**ABOUT THIS EXERCISE**
Retype the records below exactly as given, but only from the first line through the line with "海尔血压计。是全自动的,应用", and without the pictures.
______
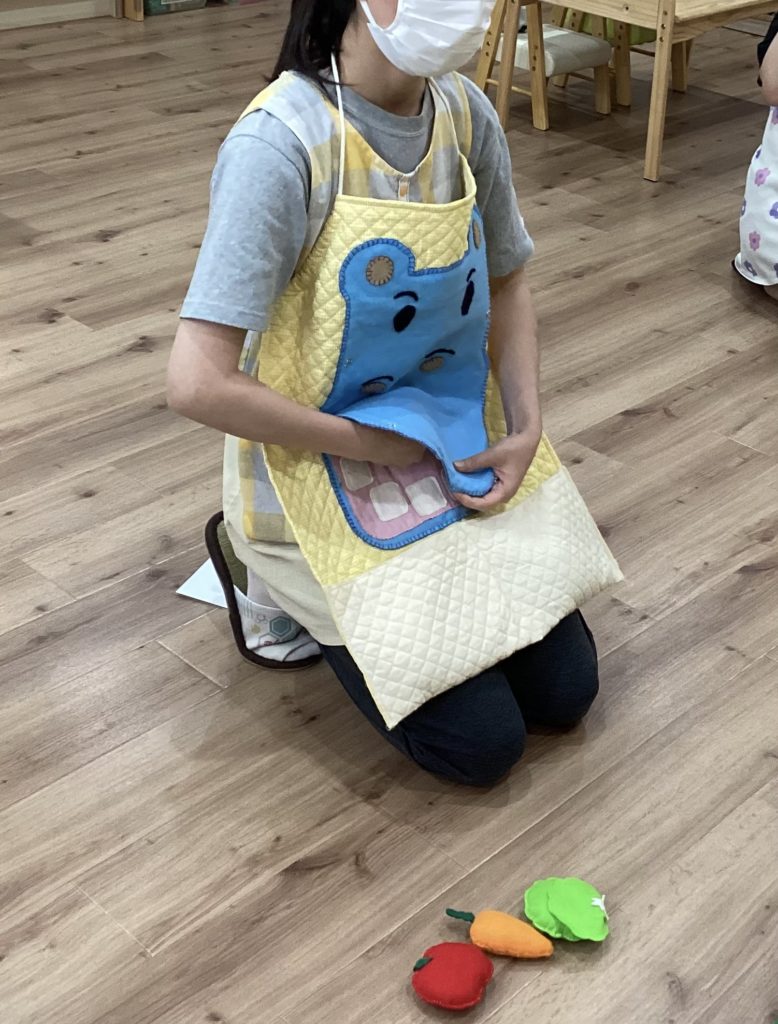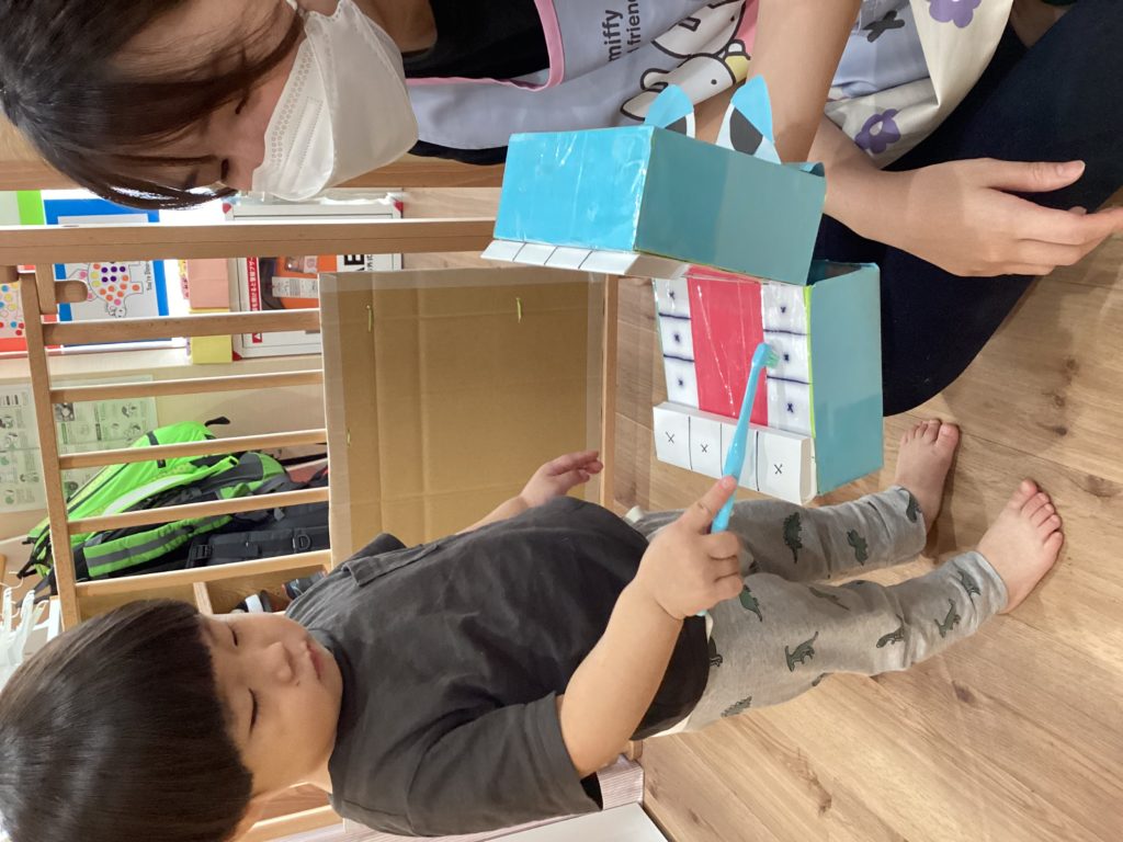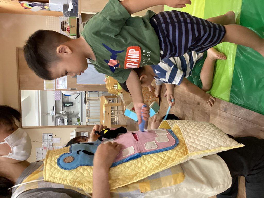 エプロンシアターのあとは、本物の歯ブラシでみんなもかば君のお口を
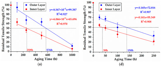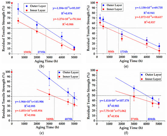 Residual tensile strength of T910 in FR3 and Kraft in mineral oil at different temperatures: (a) T910 at 180 °C; (b) T910 at 165 °C; (c) T910 at 150 °C; (d) Kraft at 160 °C; (e) Kraft at 140 °C; (f) Kraft at 125 °C.
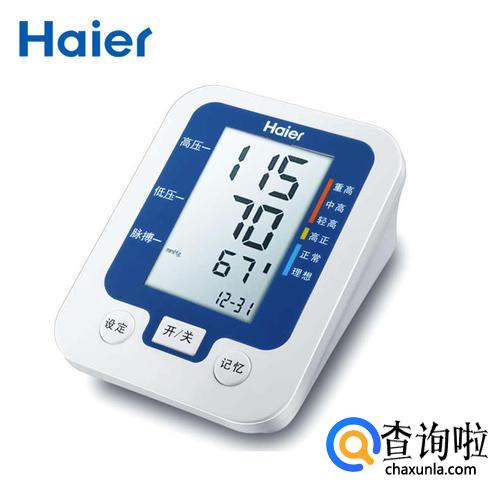 海尔血压计。是全自动的,应用集成技术IHD的臂式血压计。他利用震荡的原理能够快速而准确地测量收缩压,舒张压及心率。
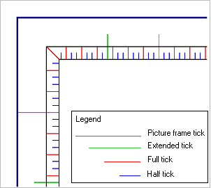 Extended | Extended ticks are longer than full ticks and shorter than picture frame ticks. Extended ticks start on the neatline and stop before reaching the picture frame. If neatline frames surround the neatline, extended ticks should be long enough to extend beyond the outermost neatline frame. Extended ticks must fall short of any labels that lie between the neatline and the picture frame. The spacing of extended ticks is less than the spacing of picture frame ticks and greater than the spacing of full ticks. The spacing of extended ticks must be a whole multiple of the spacing of full ticks. |
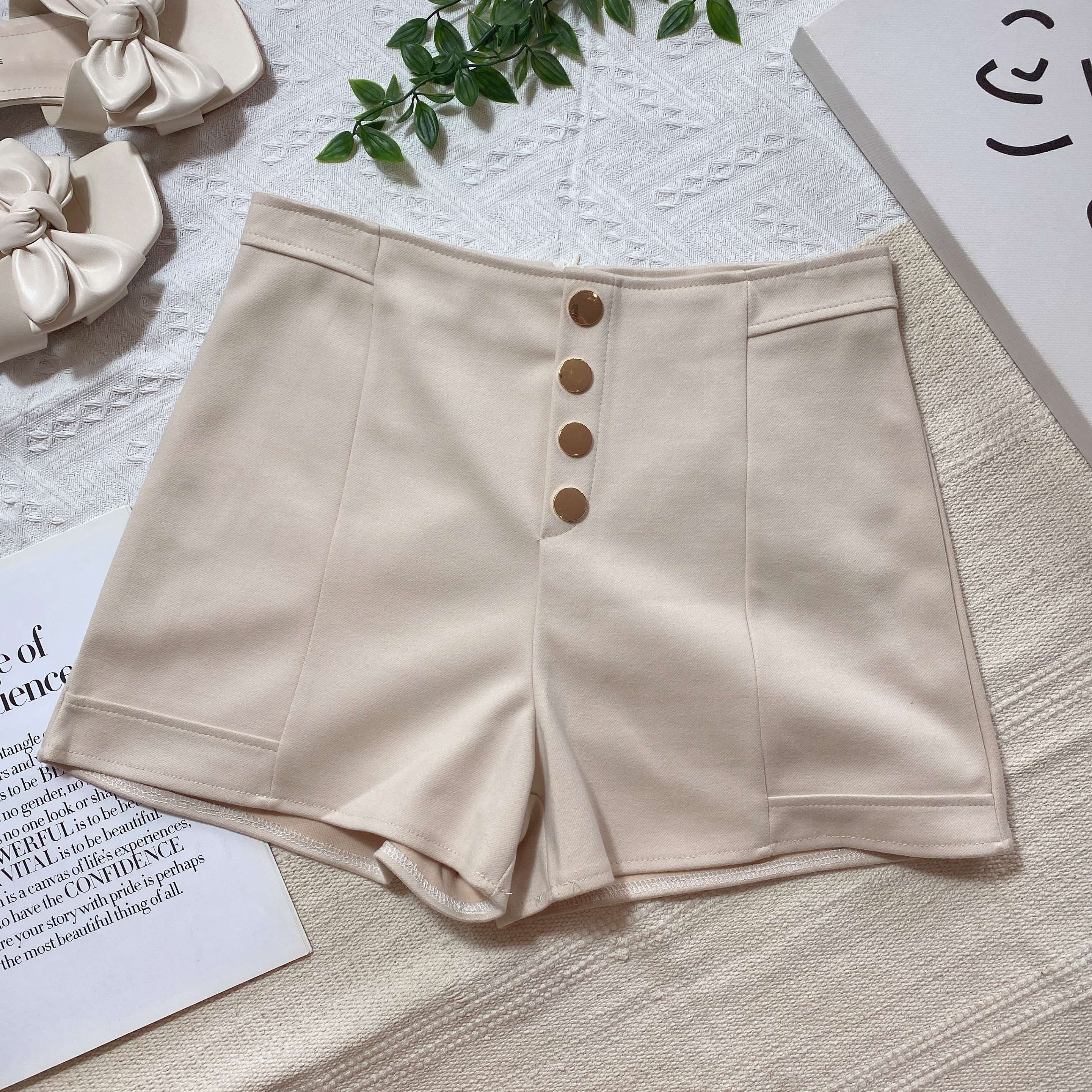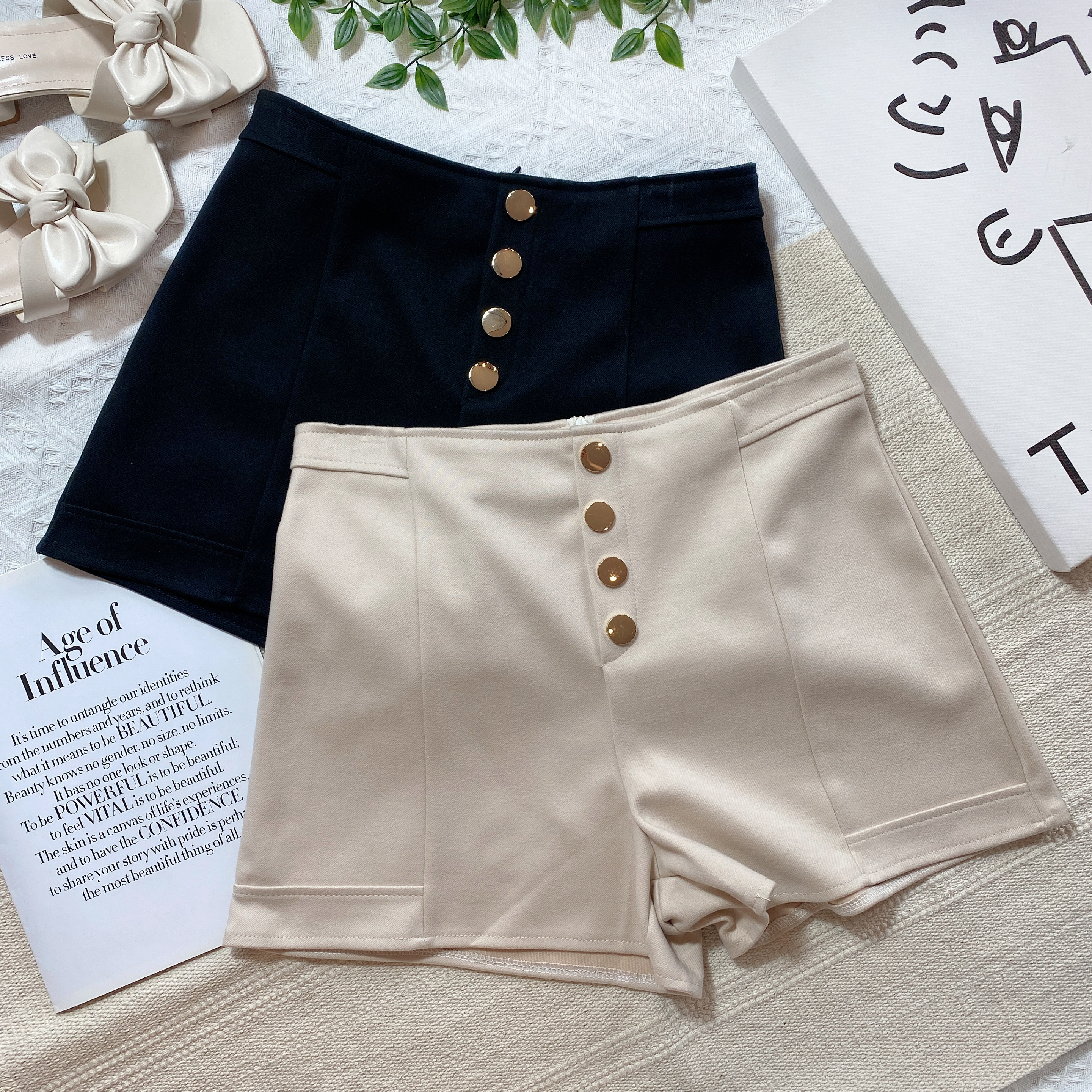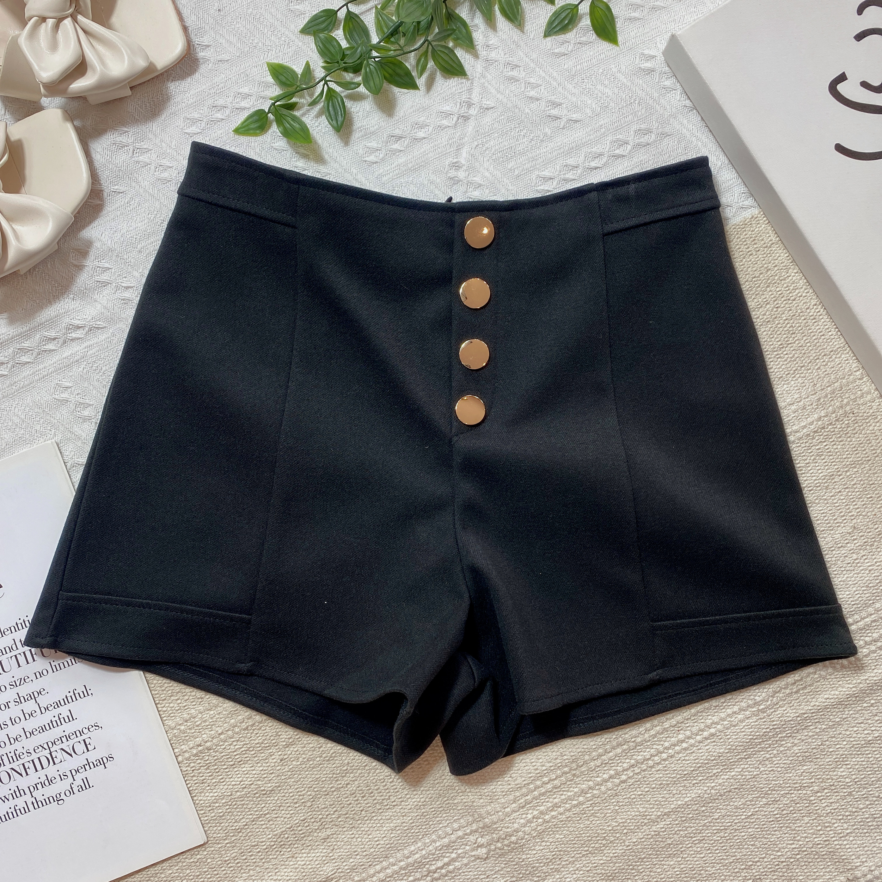 B02314 毛呢短裤假排纽设计XS-腰围60-64cm、臀围82-86cm,长度31cm黑色3、杏色3S-腰围66-68cm,臀围86-91cm,长度31cm黑色3、杏色3M-腰围68-70cm,臀围92-97cm,长度33cm黑色3、杏色2L-腰围72-76cm,臀围94-100cm,长度33cm黑色3、杏色3RM55
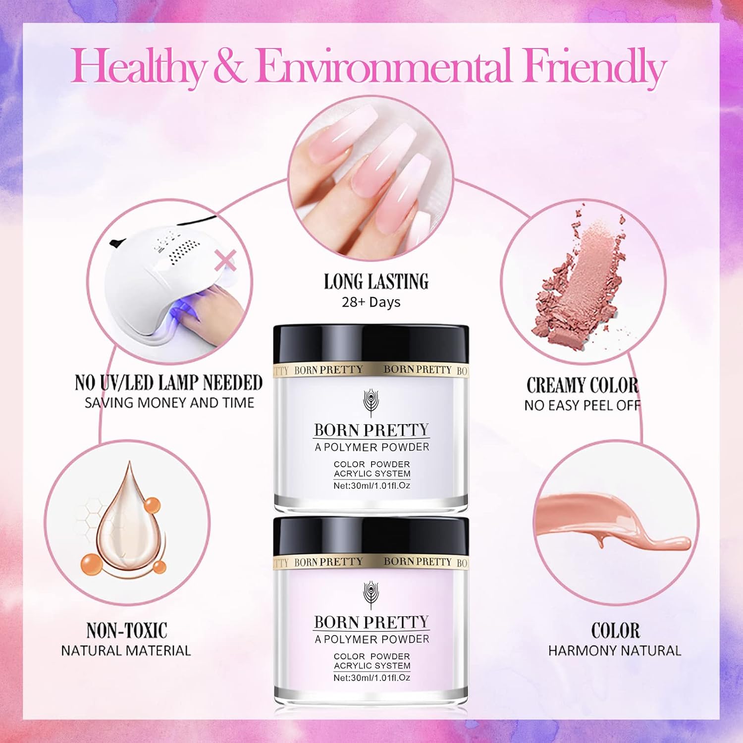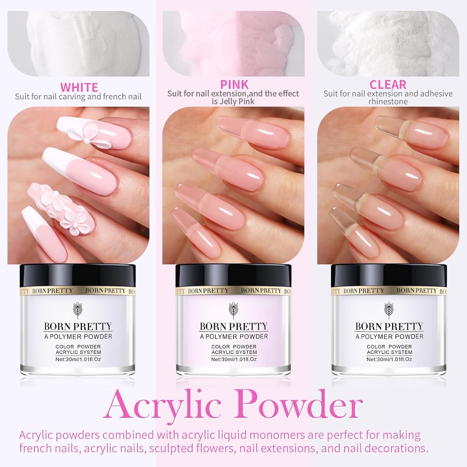 - HIGH QUALITY LONG LASTING:BORN PRETTY acrylic liquid monomer non-yellowing and superior adhesion,acrylic liquid monomer is formulated with UV stabilizers to ensure color clarity and prevent yellowing or dulling. It can ensure best bond to natural nail plate and ensures an impeccable shine without needing a primer. born pretty acrylic powder system kit is long-lasting, chip-resistant, and advanced manufacture skill. It can last for about 2-3 weeks even without nail lamp curing.
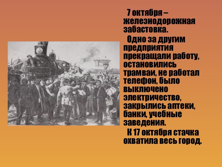 Бастующие требовали ввести 8-часовой рабочий день, установить минимум заработной платы, улучшить условия труда, созыва Учредительного собрания.
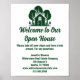 A cool forest real estate company open house poster for a realty business located in a forested town or city. The realtor name is written in green script under the house and trees. Great marketing print for a home builder.
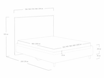 Кровать Eveline для современных интерьеров в скандинавском стиле. Выглядит эффектно благодаря мягкому высокому изголовью с декоративным кантом по периметру и опорам из натурального дерева. Модель будет смотреться выигрышно и актуально в интерьере, делая спальню уютнее, настраивая на отдых.
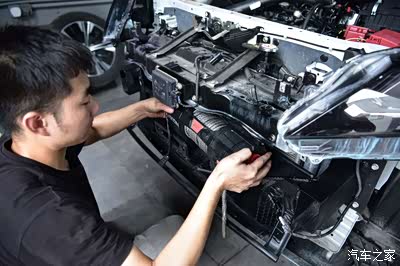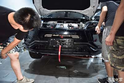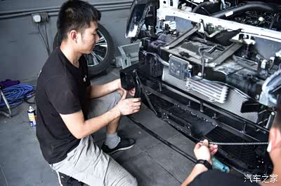 装好了以后就来安装绞盘吧,这安装可要小心啊,千万不要碰到上面的毫米波雷达,太贵啦。
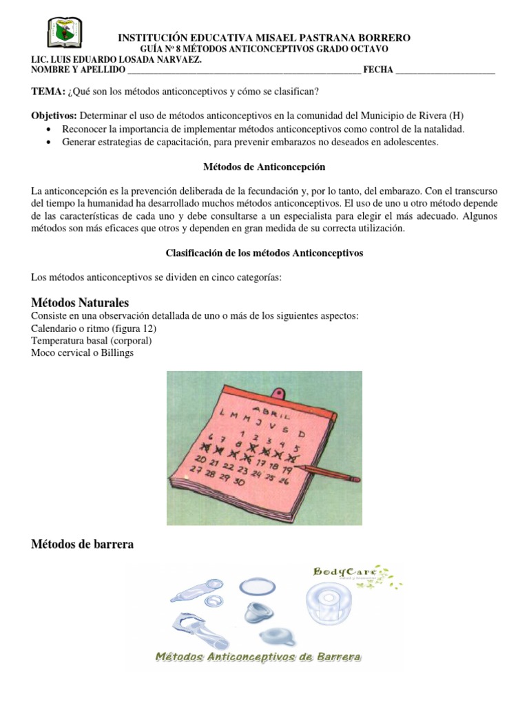 Guia De Aprendizaje 8 Metodos Anticonceptivos Control De La Natalidad Planificacion Familiar Il Metodo Kominsky Cast
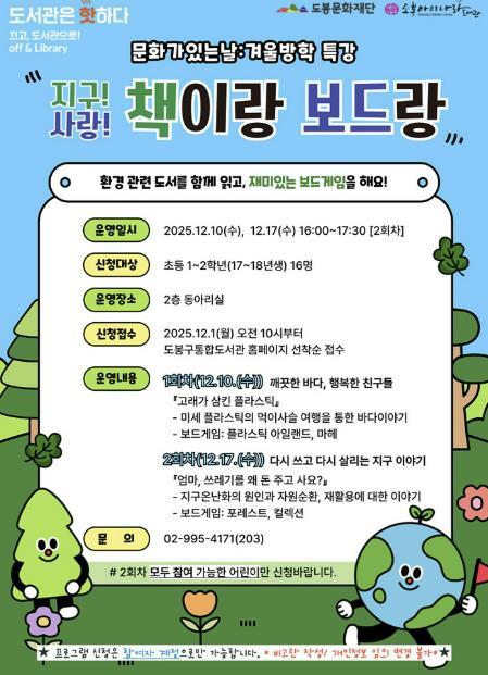 [한국제일신문, 김성옥기자] 서울 도봉구 도봉아이나라도서관이 겨울방학 특별 프로그램으로 ‘책이랑 보드랑’을 운영한다.
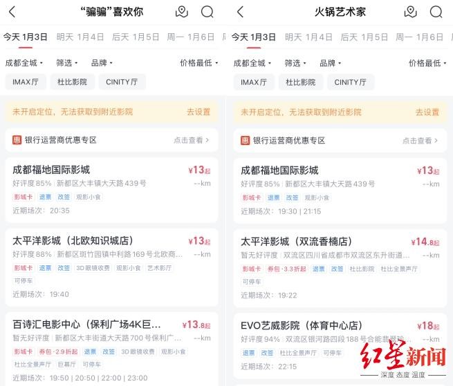 1月3日,微成都记者查询猫眼平台获悉,成都ACTO梦空间影城(成都四季城店)、嘉莱炜岸国际影城、太平洋影城(彭州丹郡兰庭店)等多家影院两部电影均定价为19.9元/人次。根据影城和场次不同票价浮动较大,最低票价仅13元/人次,与最高价相差近40元。在“19.9元票价”的加持下,《“骗骗”喜欢你》在元旦档期内也取得了4163.8万的票房成绩,仅次于《误杀3》和《小小的我》。
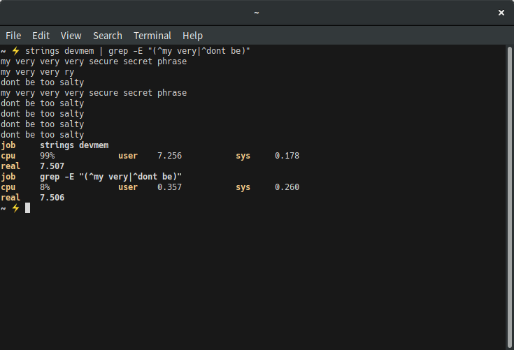no, it's just a RAM dump using a small buffer in the device's kernel memory. the actual grep occurs on my laptop.
______
**WRITTEN ANSWER**
 エプロンシアターのあとは、本物の歯ブラシでみんなもかば君のお口を
 Residual tensile strength of T910 in FR3 and Kraft in mineral oil at different temperatures: (a) T910 at 180 °C; (b) T910 at 165 °C; (c) T910 at 150 °C; (d) Kraft at 160 °C; (e) Kraft at 140 °C; (f) Kraft at 125 °C.
 海尔血压计。是全自动的,应用集成技术IHD的臂式血压计。他利用震荡的原理能够快速而准确地测量收缩压,舒张压及心率。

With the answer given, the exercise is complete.